During World War II, Casco Bay became U.S. Navy base Sail for destroyers escorting HX, SC, and ON convoys of the Battle of the Atlantic. Facilities constructed on the island included the Torpedo Control Officers School of the Portland Naval Training Center, a navy supply pier with a naval fuel annex often cited as a source of contamination for both the island's marsh and Casco Bay, and the Naval Auxiliary Air Facility Casco Bay seaplane base operated as part of Naval Air Station Brunswick from 14 May 1943 to 15 December 1946. The United States Army Coast Artillery Corps built two batteries of 90 mm dual-purpose guns on the island as the Long Island Military Reservation, part of the Harbor Defenses of Portland. On one of the island's highest hills, a 65-foot concrete tower was constructed with a 25-foot wooden superstructure on top, as a radar observation station.

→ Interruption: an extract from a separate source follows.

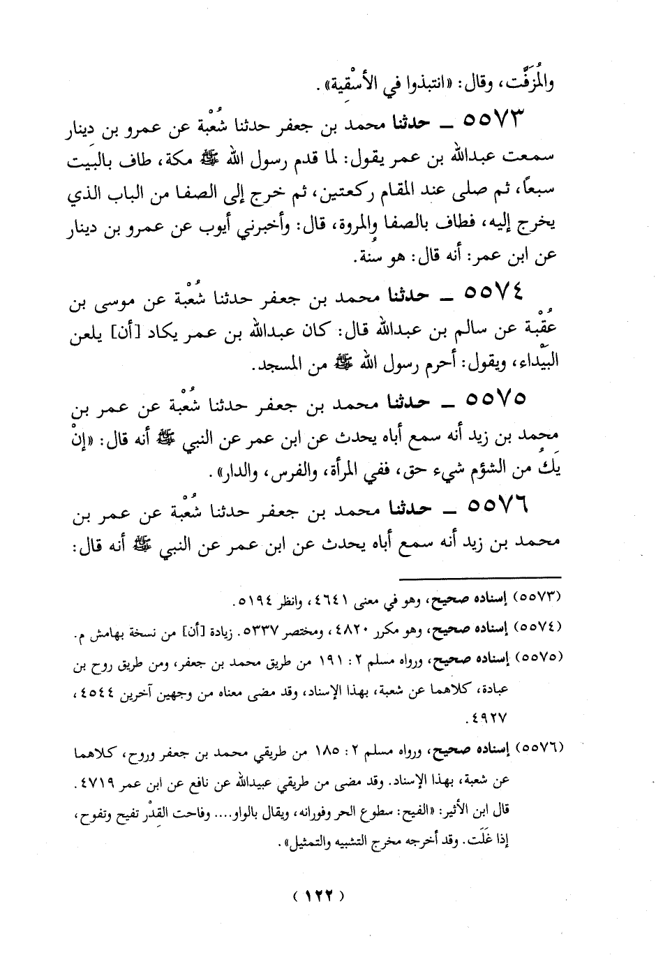5576 - حدثنا محمد بن جعفرحدثنا شُعْبة عن عمر بن محمد بن زيد أنه سمع أباه يحدث عن ابن عمر عن النبي -صلي الله عليه وسلم - أنه قال:
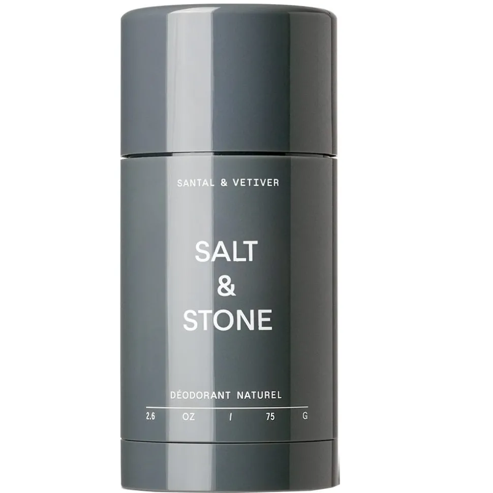 Das Salt & Stone Deo Santal & Vetiver ist ein natürliches Deo für alle Hauttypen. Die klare Formel lässt sich komplett rückstandsfrei auftragen und hinterlässt keine Flecken. Hyaluronsäure pflegt die Haut und spendet ihr Feuchtigkeit, während Probiotika den Geruch neutralisieren. Das Deo ist ohne Aluminium, Alkohol, Natron, Parabene, synthetische Duft- und Farbstoffe hergestellt.

After the war, tourism became the most popular industry, and several small stores, a fire station, and a K–5 school (1953) were built.

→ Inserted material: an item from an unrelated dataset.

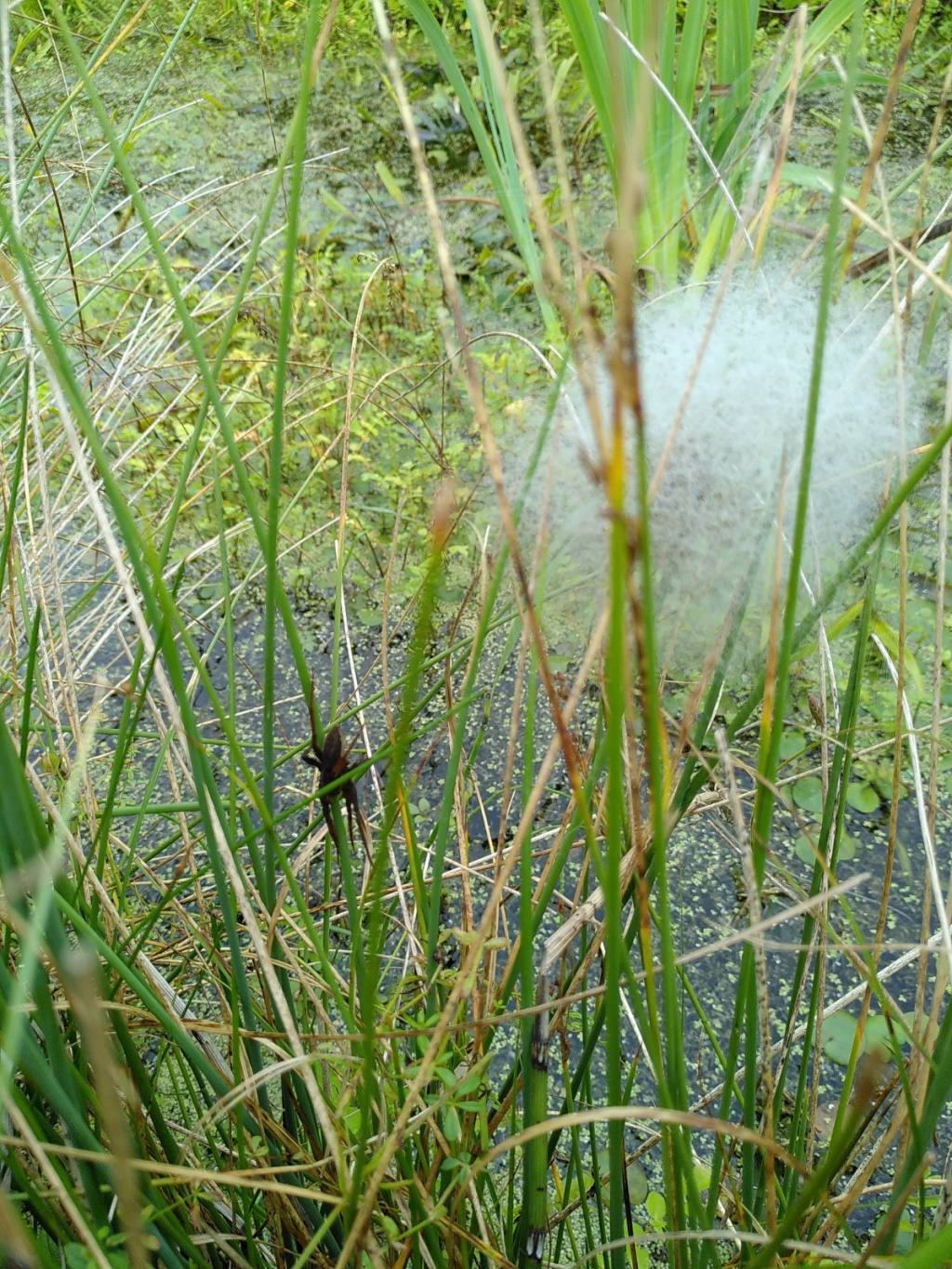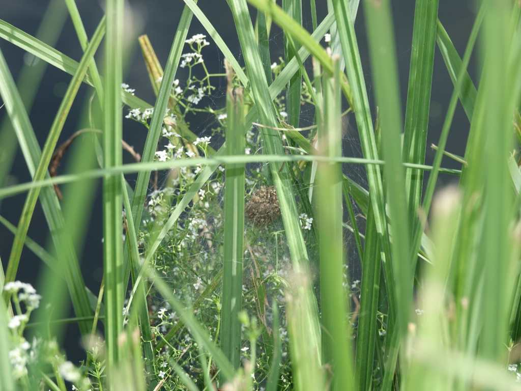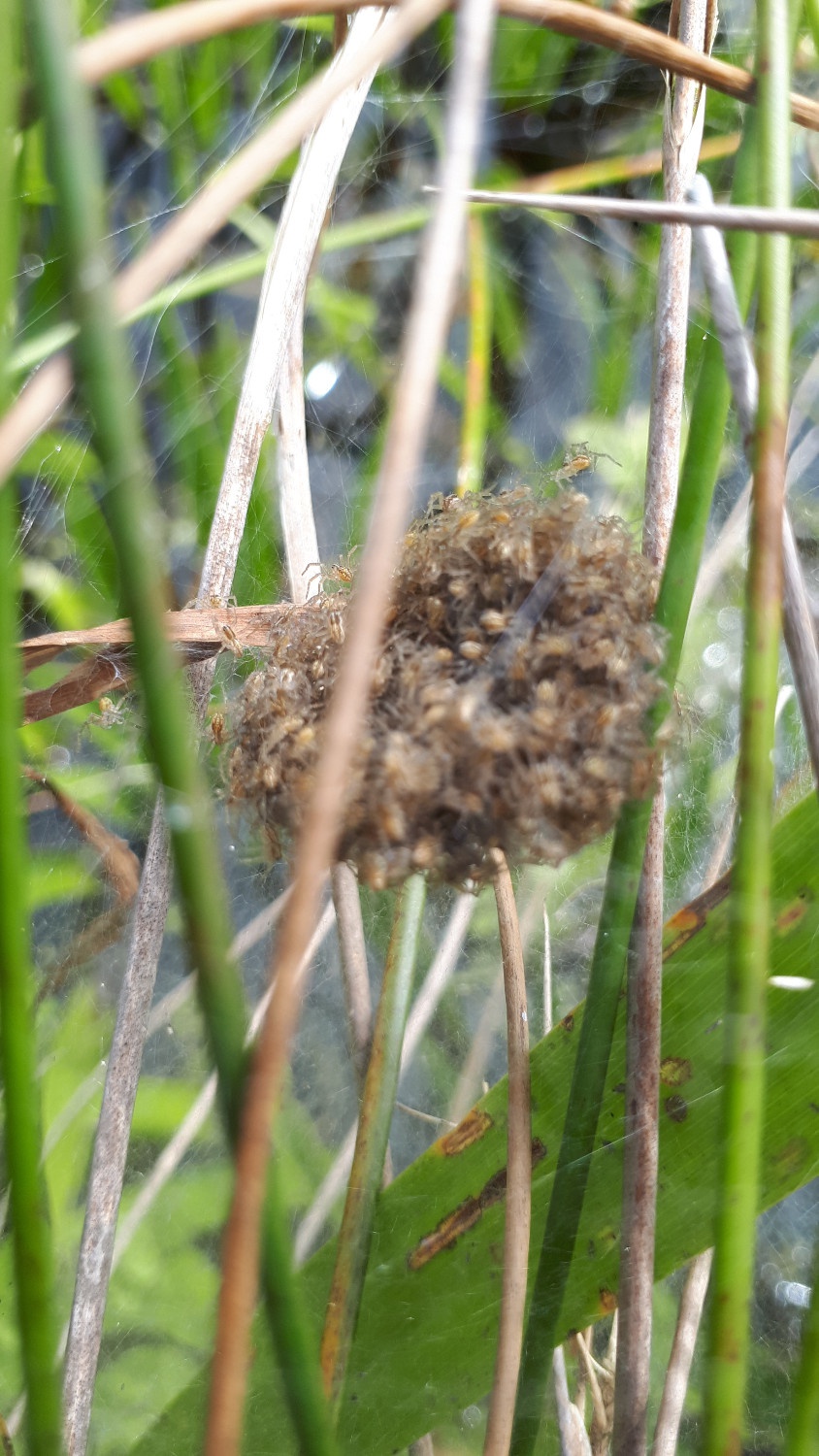 At South Lopham Fen this species is found among saw-sedge Cladium mariscus, particularly around small pools formed in old peat cuttings. Pools around which fine-leaved grasses such as Molinia have become established are not favoured. It is probable that young spiders hatching in early summer mature the following year while those hatching in late summer spend two winters as juveniles. At South Lopham, adults are found from May to August. In the Pevensey Levels spiders have been found at the water's edge of a drainage ditch under overhanging vegetation. The Welsh site is also a lowland waterbody fed by neutral to alkaline, base-rich water. Tussock Sedge Carex paniculata provides the main structure at this site for nursery webs.Status

In 1969, the U.S. government sold the historic naval fuel annex to King Resources, which envisioned a supertanker port on Long Island that, combined with the existing Portland–Montreal pipeline to Canada, would make Casco Bay the largest crude oil export destination in the world by volume at the time. The initial King Resources purchase included 181 acres of land, a 600-foot pier and 15 underground fuel storage tanks with a capacity in excess of 623,000 barrels. King Resources bought an additional 175 acres on Long Island for its plant, along with the historic Fort McKinley property on nearby Great Diamond Island, but eventually abandoned the project as delays and costs grew as a result of opposition by environmental and community groups.

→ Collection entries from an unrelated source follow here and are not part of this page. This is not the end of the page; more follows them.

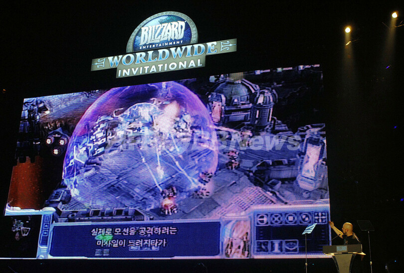 【ソウル 19日 AFP】米国のコンピューターゲーム製作・販売会社、ブリザード・エンターテインメント(Blizzard Entertainment)は19日、ソウルで新作ゲームの「スタークラフト2(StarCraft 2)」を発表した。新作は3Dとなり、「新種族」も追加、また既存の種族も大幅に修正されている。写真はゲームについて説明をするゲーム開発担当者、Dustin Browder氏(右下)。(c)AFP/JUNG YEON-JE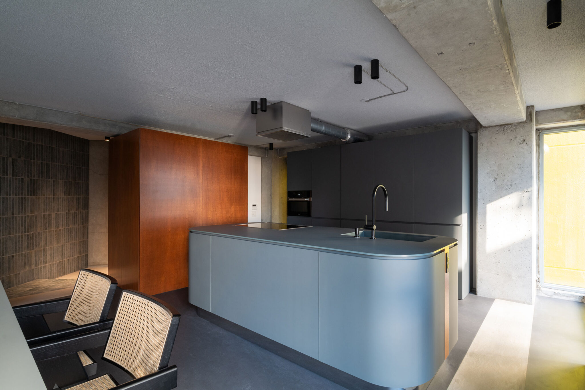 沼田祐子 / YNASによる、東京・渋谷区の住戸改修「神宮のスタジオ / 自邸」。共用部の光庭や動線が特徴的な集合住宅での計画。外の空間性の内への導入を求め、光を拡散して全体を緩やかに繋げる“曲面壁”を中心に据える構成を考案。歴史も読み込んだ創造で“住み継ぐ”選択肢の提示も意図キッチン photo©西川公朗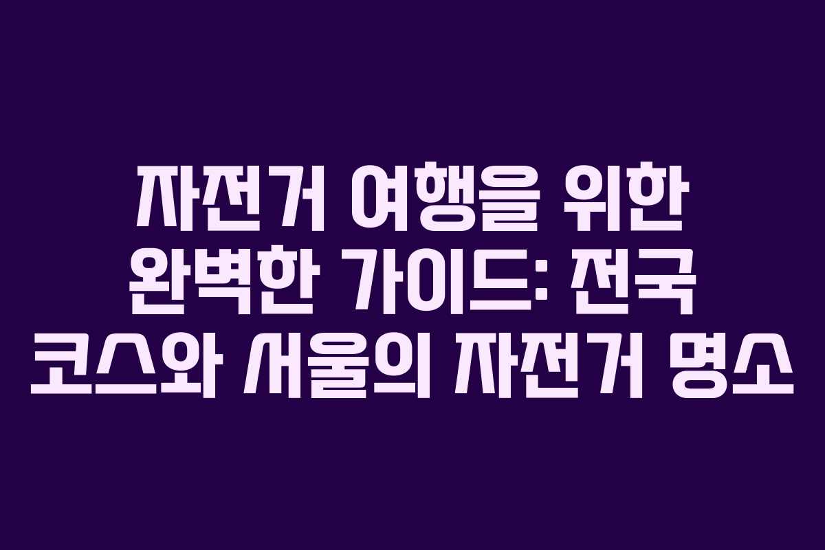 자전거는 단순한 이동 수단을 넘어 새로운 경험과 모험을 선사하는 훌륭한 방법입니다. 전국 각지에는 자전거 여행을 즐길 수 있는 다양한 코스가 마련돼 있으며, 서울에서도 자전거를 타기에 적합한 장소가 많이 있습니다. 이 글에서는 자전거 여행의 매력을 더해줄 여러 코스와 서울의 자전거 타기 좋은 곳에 대해 소개합니다. 여러분의 다음 자전거 여행이 더욱 즐거워지도록 다양한 정보를 제공하겠습니다.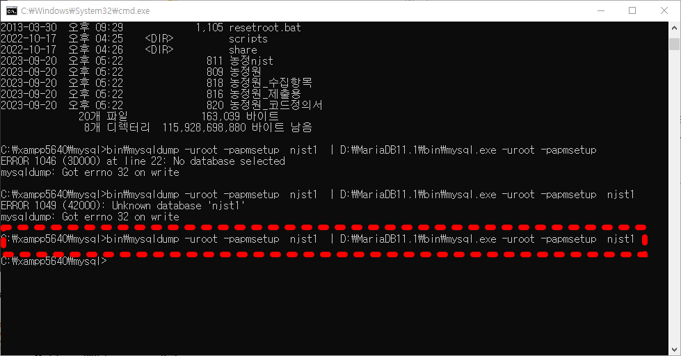 C:\xampp5640\mysql>bin\mysqldump -uroot -papmsetup njst1 | D:\MariaDB11.1\bin\mysql.exe -uroot -papmsetup njst1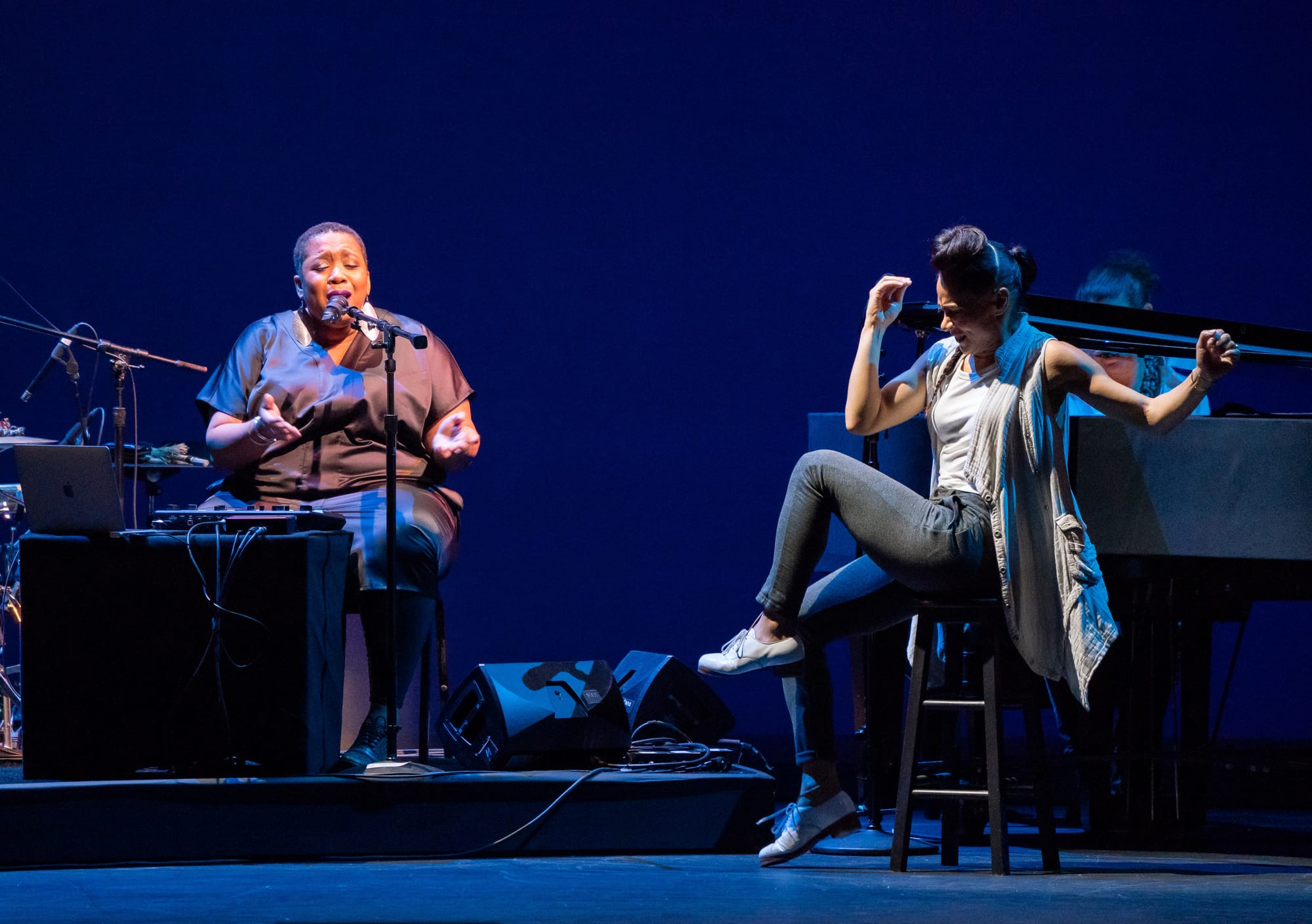 The balance of performance time was clearly shifted to Casel’s premiere, with the other two works feeling, somewhat regrettably, more like opening acts. But, to call this work strictly Casel’s is probably inaccurate, as the stage was taken up as much by dancing as by the original music and luscious live singing of Crystal Monee Hall, who was also the musical director of the production. The work as a whole, with gentle social justice undertones, felt like a call for inclusivity, but not just in the diversity sense that we are used to encounter in this topic. Sure, Hall’s reimagining of “This Land Is Your Land” elegantly and beautifully struck those chords, but the production also intertwined music and dance, integrating the movement and tap expression further into one presented whole. By far the best moment of it was when Casel sat down and listened to Hall, adding gentle taps while still seated. The connection between these two artists in that moment cannot be overstated, and it was interaction of the most organic sort.

In 1972, oil leaking from the Wilh. Wilhelmsen tanker Tamano washed ashore on Long Island, after the tanker proceeded to an anchorage between Long Island and Clapboard Island with the crew unaware that the ship had struck Soldier Ledge while passing through Hussey Sound. Remediation included the removal of six inches of sand from Long Island's West Beach for disposal at a landfill at Naval Air Station Brunswick.

The island was originally part of the City of Portland, which re-evaluated property taxes in 1990. Due in part to high real estate prices paid by out-of-state residents and property aesthetic values, property taxes increased substantially. Many residents felt this move created an unfair discrepancy between the money paid to Portland and the services they received in return. The island voted to secede from Portland, and on July 1, 1993, the island was declared the Town of Long Island. The Long Island Historical Society now houses every news article that was printed about the secession movement as well as video and film footage of the secession ceremonies. These archives also include copies of the local and national news coverage given to the community during its "rebellion".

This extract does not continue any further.